Almost every vendor calls their work "traceable" and "auditable." Almost none of them can show what that means in code. These four techniques are what it means in ours. Each one is drawn from a system we've already shipped.
A claim without a receipt is a marketing statement. When a reviewer asks "how do you know," the answer shouldn't be "the analyst said so."
Every quantitative claim on a program analysis site is backed by a YAML entry colocated with the component that displays it. The YAML captures the exact claim text, a confidence level (HIGH, MODERATE, or LOW), and a reproducible source — usually a SQL query against the warehouse. Before any deploy, a verification pass walks the entire site, runs every query, and compares the results to what the ledger expects. A discrepancy stops the build.
claim_id: china_optomechanics_share
claim: "China accounts for 36.9% of optomechanics publication share."
confidence: HIGH
sources:
- type: database_query
database: supabase
table: program_citations
query: |
SELECT country, COUNT(DISTINCT citing_doi) AS papers
FROM program_citations
WHERE research_community = 'optomechanics'
GROUP BY country
ORDER BY papers DESC;
expected_results:
china_share: 0.369AI output looks the same whether it came from a verified source or a fabrication. A researcher reading an AI summary has no way to tell what the archive actually says and what the model guessed.

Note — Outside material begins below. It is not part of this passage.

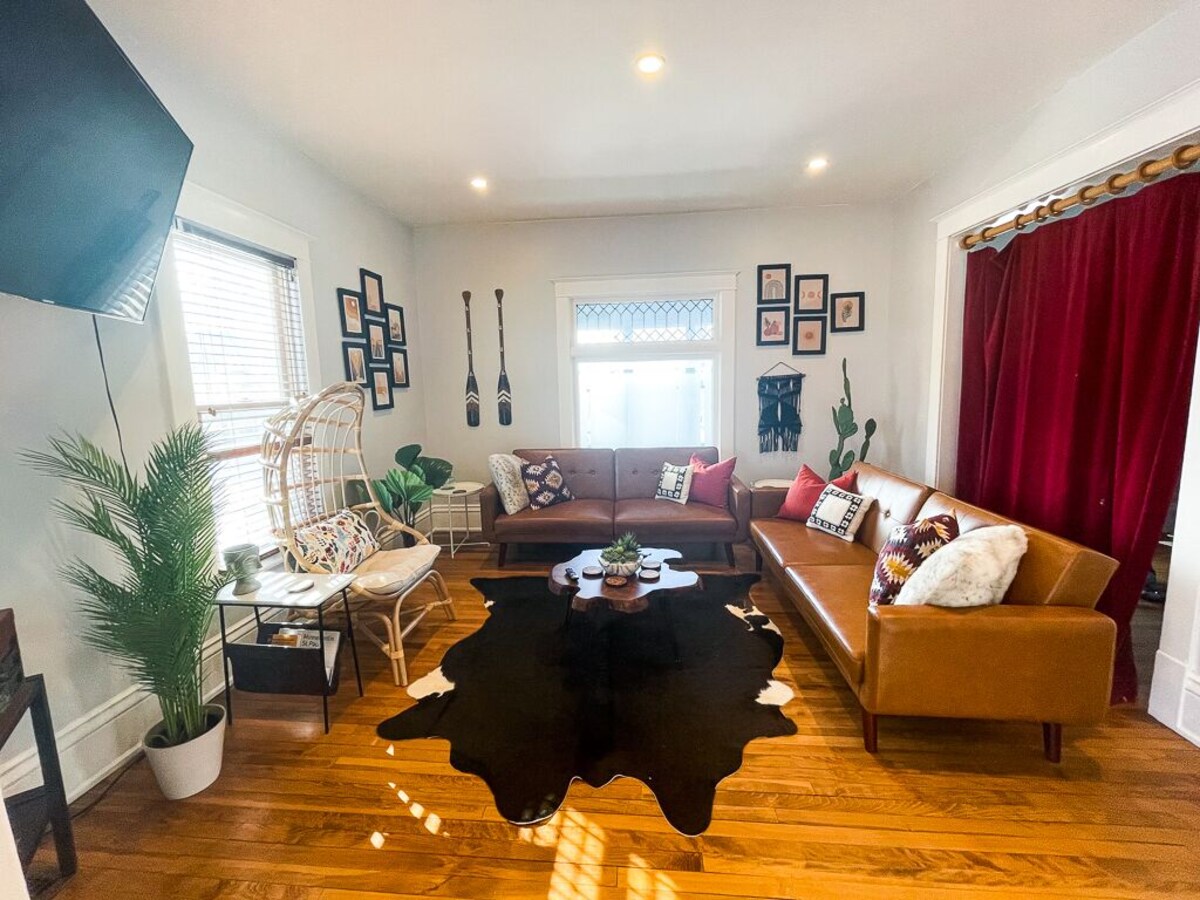 Welcome home to this spacious, boho, mod-chic 3BR duplex apartment in the Heart of Northeast with two levels of living space, artist inspired design and modern finishes throughout. This historic 1911 timepiece was fully restored and remodeled into a boho-modern packed with amazing amenities like coffee bar, two private porches, in-unit washer/dryer, 6-1 record player, professionally cleaned and sanitized to CDC and Airbnb Enhanced Standards.

Every node in the archive's knowledge graph carries a label. Verified means the content came from an archive source. Inferred means the AI generated it during reasoning. Verified nodes render as filled circles. Inferred nodes render as dashed outlines. Every answer in the chat panel resolves its citations to specific passages in specific documents. Inferred claims get a separate visual tag, so a careful reader can always tell what the archive says from what the model extrapolated.
An AI that's eager to give the answer is a terrible teaching tool. It's also a terrible decision-support tool in any setting where the human has to own the call.

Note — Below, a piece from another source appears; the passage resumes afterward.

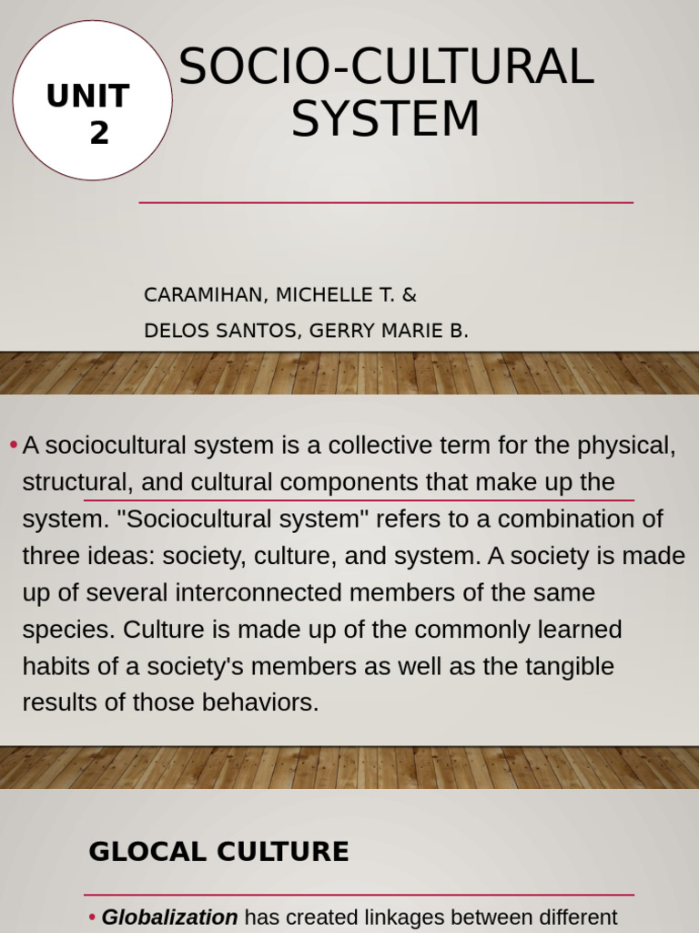 • A sociocultural system is a collective term for the physical,

The Georgetown platform runs a delegation contract written directly into the code. The AI cannot verify assumptions. It cannot define success criteria. It cannot advance the team past a phase gate. Those gates are PL/pgSQL stored procedures — the database itself enforces the constraint, not a hope that the model will behave. The contract is small. The effect is large. It changes the whole shape of what the product is for.
export const DELEGATION_CONTRACT = {
// The AI observes and assists. The human decides.
canVerifyAssumptions: false,
canDefineSuccessCriteria: false,
canAdvancePhaseGate: false,
// Gates are enforced at the database layer, not in application code,
// so no agent can call its way past them.
gateEnforcement: 'plpgsql_stored_procedure',
} as const;A recommendation you can't trace to its source isn't defensible. A complex pipeline with nine reasoning stages can produce a confident conclusion that nobody on the team can walk backward through.
Deepfield carries W3C PROV-compliant lineage through every stage of its pipeline. Pick any final recommendation and you can walk backward: the course of action it came from, the reasoning tree that scored it, the assumptions those rollouts depended on, the asymmetries they exploited, the graph structure, the extracted entities, the source passages. Every module returns a `Result<T,E>`, so failures propagate explicitly. Silent fallbacks that hide a broken call are forbidden by the architecture.
recommendation: "Invest in domain X before Q3"
<- course_of_action: COA-07 (Pareto rank 2)
<- reasoning_rollout: rollout_1834 (PRM score 0.81)
<- assumption: "competitor lag is ~14 months"
<- asymmetry: learning_rate_gap (confidence 0.72)
<- graph_node: entity_3019 (competitor capability)
<- extraction: passage from source_882
<- research_iteration: gap_fill_3
<- intake_query: initial user question"Defensible" is either a claim or a property of the system. In our work, it's a property of the system.